At my new job, I bite back tears every Friday when my coworkers talk about weekend plans. I spend my 27th birthday alone at a bar staring at a stained glass window that the bartender claims is imported from Germany. I write a novel about automation in a notebook. Walking home and lying in bed without taking off my winter jacket, I realize why so many rockstars die at 27. This is the year where all the currents of yourself break against the shore.

In the cold of myself, I become the cold stranger. I curl with envy like an ingrown toenail. I self-destruct my Facebook. I pen manifestos about the emptiness behind everything that everyone does in New York City, never once thinking it was because I felt left out. Looking into the hole in the wall of what I left behind, I fall into it instead of filling it. Every day, I get more used to telling people I’m looking for a table for one. I stop wondering what people think of me, because they aren’t thinking of me.

When you have no history, you have no face.
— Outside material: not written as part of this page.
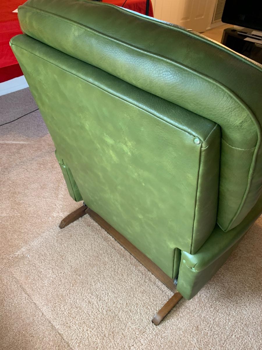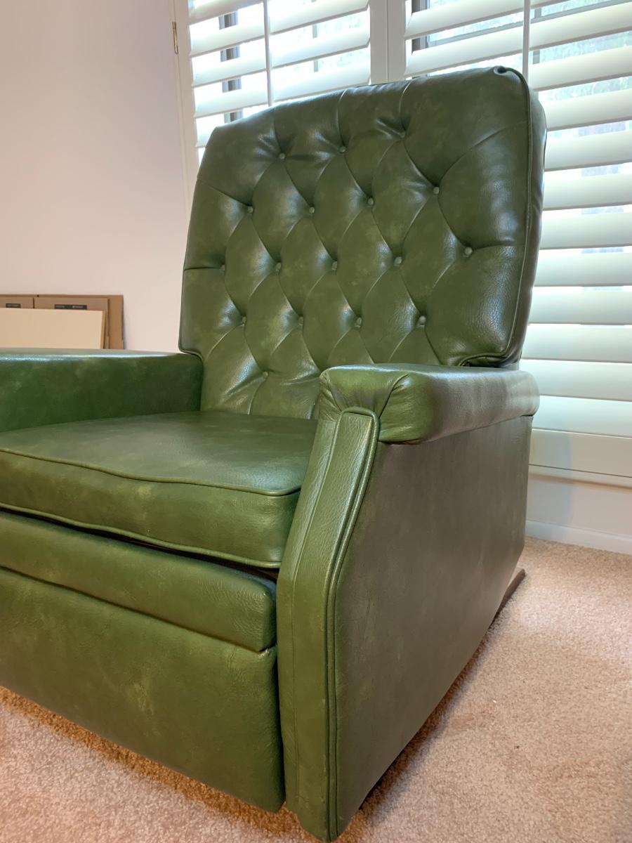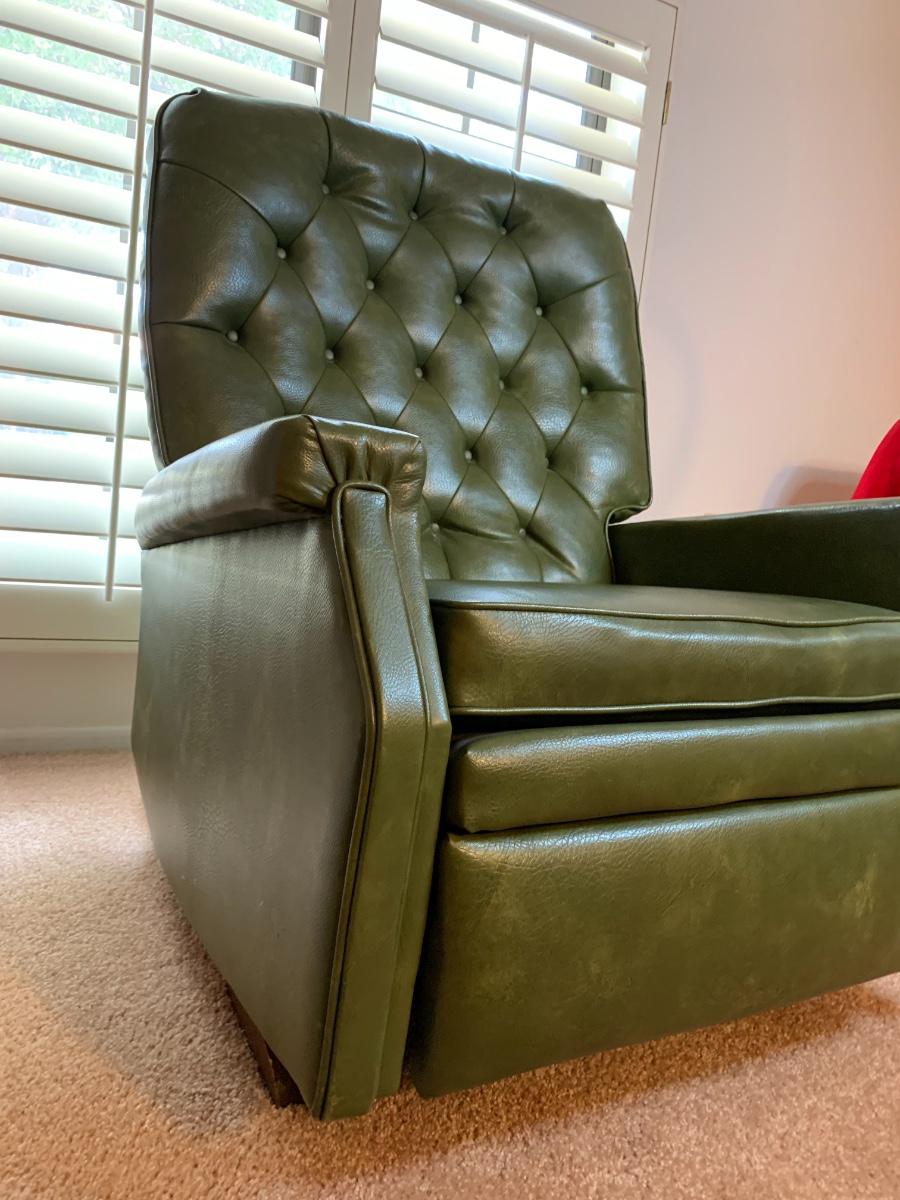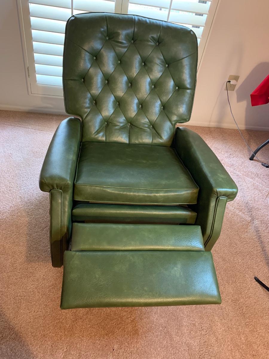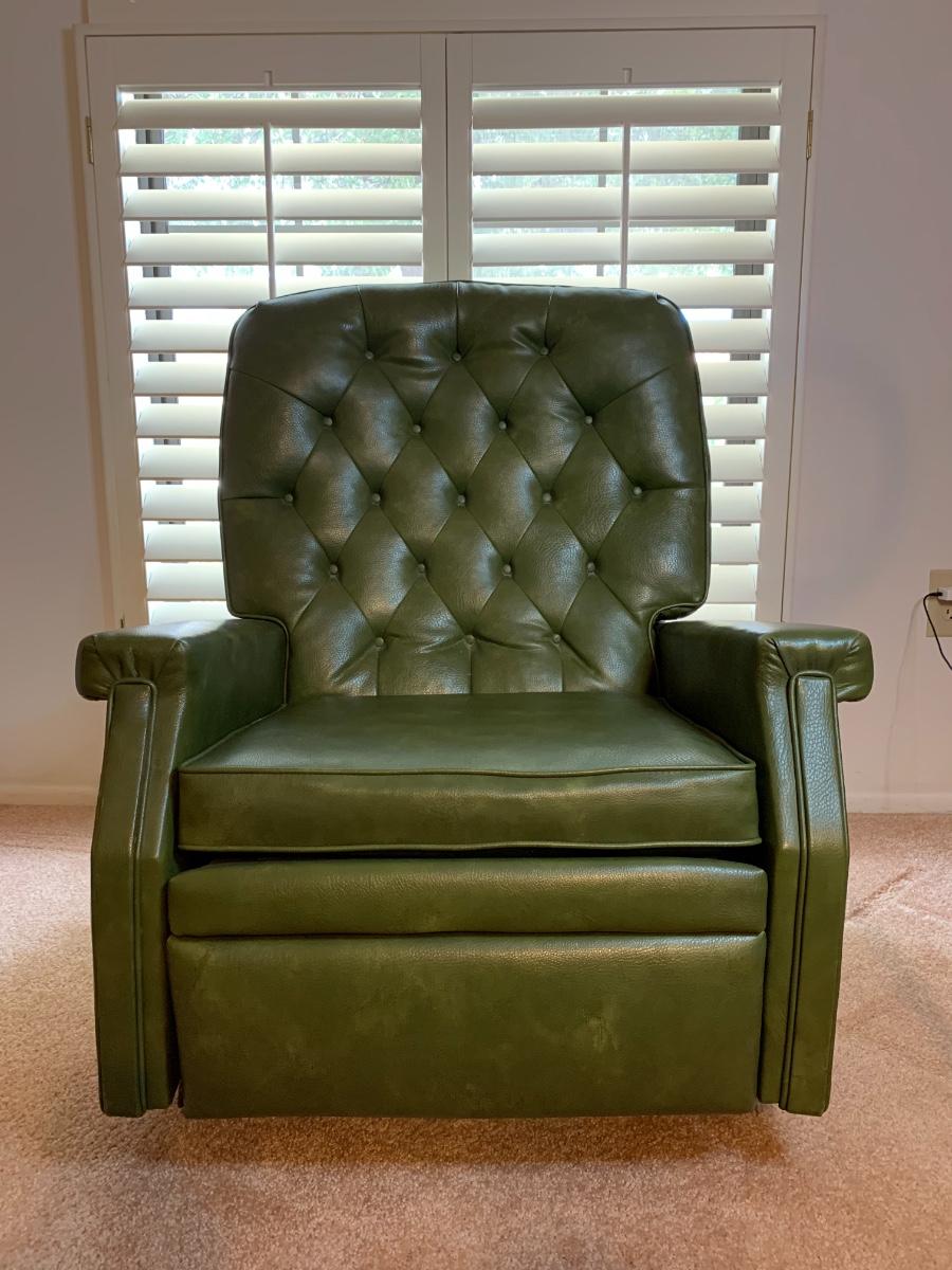 Mid Century Green Tufted back Leather Recliner. Back Height: 38”. Back Width: 29”. Seat Height 18” . Seat Depth 20”. Chair Depth Total 27”. In Excellent condition.

You are only someone else’s moments.

When I leave for Las Vegas for a work trip, the apartment catches fire. The front of the building is painted black. Our clothes are soaked from the fire truck’s violent but effective hosing. From my bedroom, I watch the shapes of all my costumes sit in the frosty April morning, waiting for the sun.

I have a breakdown.

I have another breakdown.

It’s too cold to go outside.

I’m frozen in Brooklyn.

2. The Extrovert.

The L train shudders in front of her. More people in their twenties emerge, foaming between the doors in expensive jackets, all fleece and cushions and wooden jewelry and bright color tattoos. Karen swims manages to grapple hold of a passing lumberjack (or what appears to be a lumberjack) and is whisked into the train, smashed among the twentysomethings.

She jerks backwards as the train starts, catching her reflection in the smears of the subway window. Always, she notices the crow’s feet, like she’s exhausted from seeing the world. Not crows’ feet. Talons. Slender profile, blond hair with only a few strands of gray. She can still touch her toes. But on the L train she is a grandmother, decaying from the radioactive rush hour of youth. The knife-sharp eyes of the twentysomethings cut into each other: groomed werewolves and young men with shoulderbags, a flock of girls talking about a Netflix series while their eyes slide as shiny as gems across the possible futures as the train lurches down the tunnel. Invisibility is not a superpower, she thinks, but an inevitability. A curious curse.

-Eclipse in Lunar City (2016), Blaise Lucey

In the summer of 2015, I move from the old hotel in Carroll Gardens to a sublet in East Williamsburg. I quit my job. I get a new one. I’m single for the first time in five years. I have no friends or family for hundreds of miles.